For existing users of OpenPGP in TB 78 who haven't a corrupted profile, the risk is minimal. We introduce new checks at startup. Only users who have corruption will get the repair code executed. And we prompt and ask for confirmation, prior to repairing (in english only).

Nevertheless, it seems important to push this to users soon. It's a difficult call if this should be pushed to esr78 immediately, as the bug prevents the ability to use OpenPGP for affected users. On the other hand, it might be sensible to start with c-c and beta for a few days, to confirm it's not introducing any new major issue.

Comment on attachment 9169146 [details]
Bug 1656287 - Handle missing file encrypted-openpgp-passphrase.txt and unprotected keys. r=PatrickBrunschwig

[Triage Comment]
Approved for beta
Approved for esr78

https://hg.mozilla.org/releases/comm-beta/rev/95e70007e95e6ceb2febd99d5115893a765b9160

https://hg.mozilla.org/releases/comm-esr78/rev/8bbe9af4c6f2726db0fbf20e43ea9fe0e1a07bf1

(In reply to Kai Engert (:KaiE:) from comment #20)

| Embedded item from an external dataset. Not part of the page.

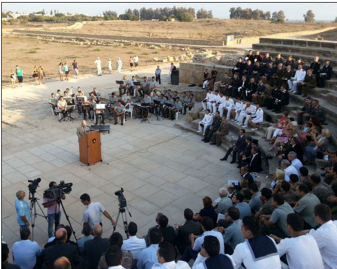
Opening ceremony of the CSDP-Olympiad in Paphos/Cyprus.

An impressive opening ceremony took place in the very nice and historical interesting Odeon in Paphos under the auspices of the Cypriot Minister of Defence, Demetris ELIADES. It gave a first impression on the great hospitality of Cyprus which lasted until departure.

At this time, to work around this issue, you could delete some files from your Thunderbird profile, and start from scratch. You would have to ensure that you have good backups of all your secret keys. Then you could quit Thunderbird, and move the secring.gpg file away. This should allow Thunderbird to create a fresh, empty secring.gpg file and also create a fresh encrypted-openpgp-passphrase.txt file. Then you could try to migrate again using Enigmail 2.2. To ensure you don't run into this bug again, verify that pref mail.openpgp.enable it set to true, and restart Thunderbird before allowing the key migration.

KaiE, which are these “some files”?

Anyway, as described in bug 1658187, we still can’t import PGP keys even with a new Thunderbird 78.2.0 profile.